Proceedings, annual meeting, Electron Microscopy Society of America ◽

10.1017/s0424820100079772 ◽

1977 ◽

Vol 35 ◽

pp. 466-467

Author(s):

P. Maupin-Szamier ◽

T. D. Pollard

Keyword(s):

Actin Filaments ◽

Time Course ◽

Osmium Tetroxide ◽

Rabbit Muscle ◽

Muscle Actin ◽

Sodium Phosphate Buffer ◽

Transmission Electron ◽

The Difference ◽

Rates Of Decay ◽

Short Time

We have studied the destruction of rabbit muscle actin filaments by osmium tetroxide (OSO4) to develop methods which will preserve the structure of actin filaments during preparation for transmission electron microscopy.Negatively stained F-actin, which appears as smooth, gently curved filaments in control samples (Fig. 1a), acquire an angular, distorted profile and break into progressively shorter pieces after exposure to OSO4 (Fig. 1b,c). We followed the time course of the reaction with viscometry since it is a simple, quantitative method to assess filament integrity.
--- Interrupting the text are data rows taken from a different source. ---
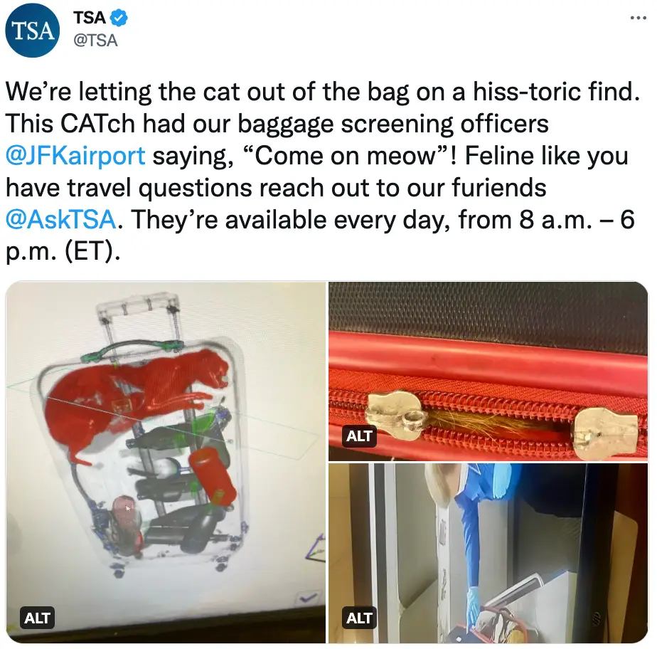 TSA spokesperson Lisa Farbstein told NBC News: “The cat did not belong to the individual with the suitcase, it belonged to someone else in the household.” The plot thickens.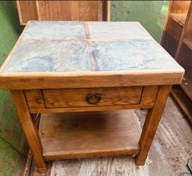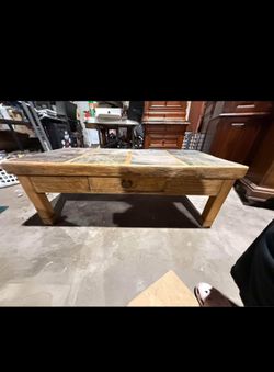 Vtg Rustic oak and slate tile coffee table$80San Antonio, TX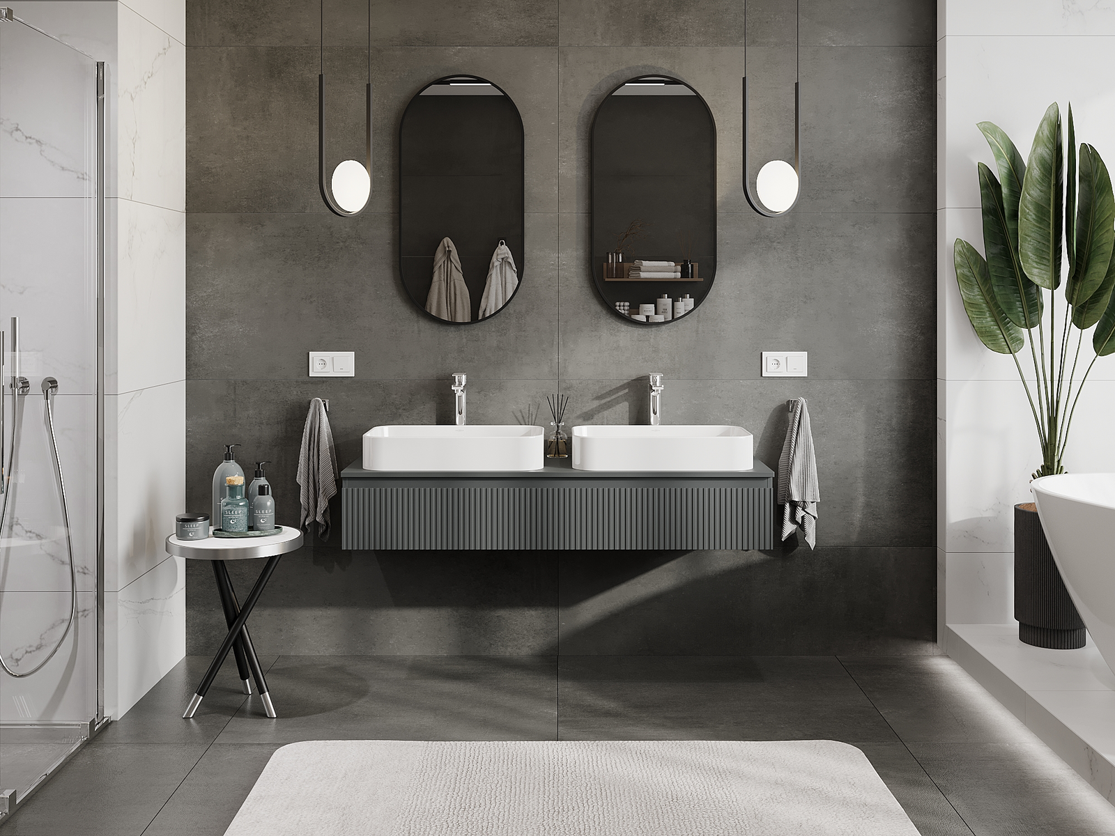 Mexen Rivel mobiletto da bagno sottolavabo 140 cm, 1 cassetto, scanalato, grafite opaco - 91A20-14023-1-BF66

The difference in rates of decay in viscosity of polymerized actin solutions after the addition of four concentrations of OSO4 is illustrated in Fig. 2. Viscometry indicated that the rate of actin filament destruction is also dependent upon temperature, buffer type, buffer concentration, and pH, and requires the continued presence of OSO4. The conditions most favorable to filament preservation are fixation in a low concentration of OSO4 for a short time at 0°C in 100mM sodium phosphate buffer, pH 6.0.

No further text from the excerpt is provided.